Experiment 2: optimizing marine protected area (MPA) placement

Experiment 2 (MPA placement): methods

In this experiment, we investigate the optimal placement of an MPA in a simulated world, where there is only one species of fish (with biomass density that increases linearly with distance from shore), and two types of fishing agents [real-world decisions, e.g., Watts et al. (2009), rest on larger bodies of information, but we maintain relative simplicity here, to ease interpretation]. In our simulation, the first agent type has large boats with large travel range, large holds and efficient gear (high probability of catching fish per unit effort); the second has small boats, with small holds, inefficient gear and limited travel range (see ESM §4 for details).
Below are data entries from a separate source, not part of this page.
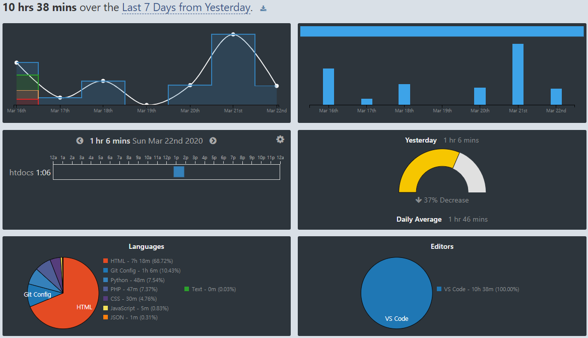 | [WakaTime]Week 2 of March(20.03.09 ~ 20.03.15) (0) | 2020.03.17 |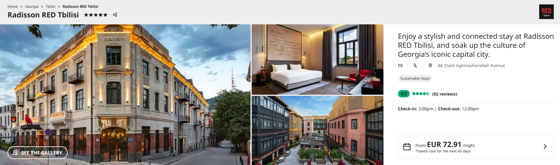 조지아의 Radisson Red Tbilish 호텔에 묵게 되었는데요.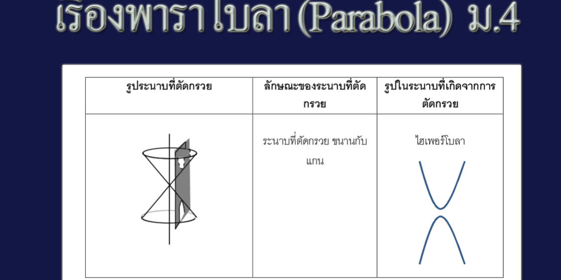สรุปเนื้อหาเรื่อง เรขาคณิตวิเคราะห์และภาคตัดกรวย เรื่องพาราโบลา (Parabola) ม.4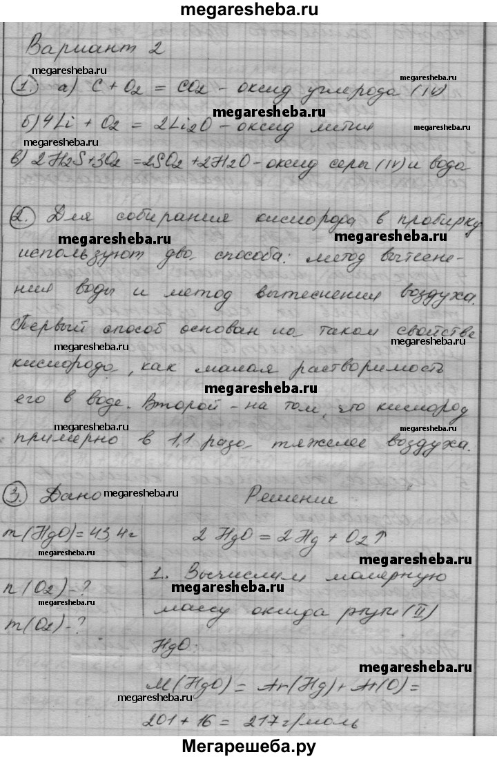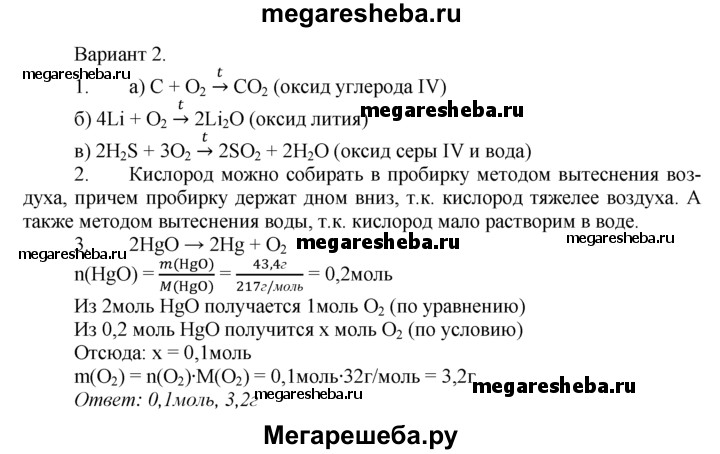 Вариант 2 1. Напишите уравнения реакций горения в кислороде: а) угля; б) лития; в) сероводорода H2S (сера в образующемся оксиде четырехвалентна). Назовите продукты реакций. 2. Какими способами можно собирать кислород в пробирку? На каких свойствах кислорода основаны эти способы? 3. Рассчитайте количество вещества и массу кислорода, образующегося при разложении 43,4 г оксида ртути(Н). Уравнение реакции: 2HgO = 2Hg + O2Î

The policy goal is to protect the catch of small-scale fishers, in the face of competition from the larger boats while maximizing the total fishery catch. The total catch, which is most likely to be dominated by the larger boats, is expressed in terms of summed catches from all boats over a 20-year period. The policy choice is the size and location of a limited-entry MPA in which small-scale fishers can fish but larger boats cannot (traversing the MPA is allowed for all). This situation is akin to a developing country setting (e.g., Philippines), where commercial vessels are allowed to fish only beyond a prescribed distance from shore, while small-scale fishers face no such restrictions. In Experiment 1, there was an implicit assumption that the two terms in the score function (S) were equally weighted, allowing for a straightforward optimization of each policy. However, in this second example we wish to explore the possible trade-off between the two objectives (total catch versus small-boat catch), and we explore the associated Pareto front.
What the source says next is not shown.